Cancel The F-22

Yesterday, Barack Obama repeated his threat to veto the defense authorization bill if it contains money to buy more F-22 fighter jets. He’s absolutely right. I hope he prevails over the various Senators who are trying to put the money back in. For one thing, it’s not clear that our biggest need right now is for an even niftier fighter plane, as opposed to something that might come in handy in, say, Afghanistan. For another, the F-22 has a lot of problems. This Washington Post article is worth reading in its entirety. A few bits:

“The United States’ top fighter jet, the Lockheed Martin F-22, has recently required more than 30 hours of maintenance for every hour in the skies, pushing its hourly cost of flying to more than $44,000, a far higher figure than for the warplane it replaces, confidential Pentagon test results show. (…)

“It is a disgrace that you can fly a plane [an average of] only 1.7 hours before it gets a critical failure” that jeopardizes success of the aircraft’s mission, said a Defense Department critic of the plane who is not authorized to speak on the record. Other skeptics inside the Pentagon note that the planes, designed 30 years ago to combat a Cold War adversary, have cost an average of $350 million apiece and say they are not a priority in the age of small wars and terrorist threats. (…)

There have been other legal complications. In late 2005, Boeing learned of defects in titanium booms connecting the wings to the plane, which the company, in a subsequent lawsuit against its supplier, said posed the risk of “catastrophic loss of the aircraft.” But rather than shut down the production line — an act that would have incurred large Air Force penalties — Boeing reached an accord with the Air Force to resolve the problem through increased inspections over the life of the fleet, with expenses to be mostly paid by the Air Force.

Sprey said engineers who worked on it told him that because of Lockheed’s use of hundreds of subcontractors, quality control was so poor that workers had to create a “shim line” at the Georgia plant where they retooled badly designed or poorly manufactured components. “Each plane wound up with all these hand-fitted parts that caused huge fits in maintenance,” he said. “They were not interchangeable.”

Polidore confirmed that some early parts required modifications but denied that such a shim line existed and said “our supplier base is the best in the industry.”

The plane’s million-dollar radar-absorbing canopy has also caused problems, with a stuck hatch imprisoning a pilot for hours in 2006 and engineers unable to extend the canopy’s lifespan beyond about 18 months of flying time. It delaminates, “loses its strength and finish,” said an official privy to Air Force data. (…)

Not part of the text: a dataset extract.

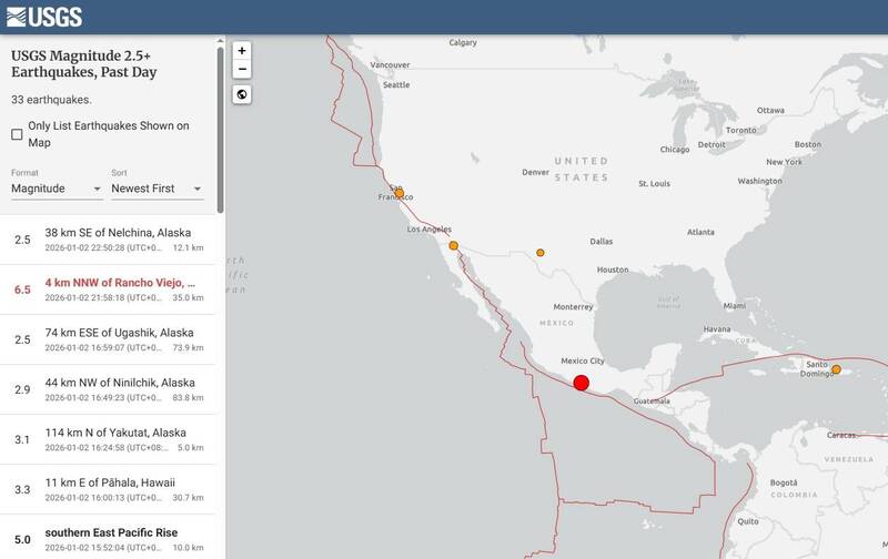 Home即時新聞墨西哥首都規模6.5強震 總統記者會被迫中斷 即時新聞國際新聞 墨西哥首都規模6.5強震 總統記者會被迫中斷 Share FacebookLINE 墨西哥首都墨西哥市發生規模6.5地震。 墨西哥國家地震監測機構表示,首都墨西哥市今天發生規模6.5強震。地牛翻身後,墨西哥市各地均有震感。 法新社報導,地震來襲時,墨西哥總統薛恩鮑姆(Claudia Sheinbaum)的每日例行記者會被迫中斷。自由時報0102 Facebook Comments Box Share FacebookLINE Previous article天高海闊-高盛集團預期美國經濟蓬勃 共和黨主政九州降個人所得稅 0102Next article高市早苗與川普熱線 可能談及中國環台軍演 editor 相關新聞 即時新聞 柯文哲密會柯建銘:總預算該處理就要處理 2026-01-02 即時新聞 總統府發布總統令 陳建仁為第13任中研院院長 2026-01-02 即時新聞 胡振東酸鼓吹投降媒體:他們拿了中國的錢 2026-01-02 - Advertisment - 相關分類 新聞大破解-三座大山壓垮中國中產階級!社會底層生存焦慮將出陳勝吳廣 0102 2026-01-02 鏡轉全球-伊朗抗爭遍地開花 0102 2026-01-02 柯文哲密會柯建銘:總預算該處理就要處理 2026-01-02 總統府發布總統令 陳建仁為第13任中研院院長 2026-01-02

There has been some gradual progress. At the plane’s first operational flight test in September 2004, it fully met two of 22 key requirements and had a total of 351 deficiencies; in 2006, it fully met five; in 2008, when squadrons were deployed at six U.S. bases, it fully met seven.

“It flunked on suitability measures — availability, reliability, and maintenance,” said Christie about the first of those tests. “There was no consequence. It did not faze anybody who was in the decision loop” for approving the plane’s full production. This outcome was hardly unique, Christie adds. During his tenure in the job from 2001 to 2005, “16 or 17 major weapons systems flunked” during initial operational tests, and “not one was stopped as a result.””

One of the problems with its high-tech skin is “vulnerability to rain”. Perhaps we’re only planning to use it in rain-free environments.

Think about this, though. Here we have a plane that suffers from huge problems, is incredibly expensive, and meets only seven of its 22 “key requirements”. It was designed for the Cold War, which is over. An Air Force Major is quoted in the article as saying that “it is one of the easiest planes to fly, from the pilot’s perspective”, but I’d imagine that ease might be outweighed by being imprisoned inside it, or having the boom give way and suffering “catastrophic loss of the aircraft”, or any of the other “critical failures” that occur once every 1.7 hours of flying time.

And yet, at a time when we need to save money, somehow Senators from some of the many, many states in which Lockheed-Martin’s suppliers are located cannot be persuaded to cancel it.

We need jobs. But there are many, many more efficient ways to produce them, and many investments that we genuinely need to make. This is not one of them.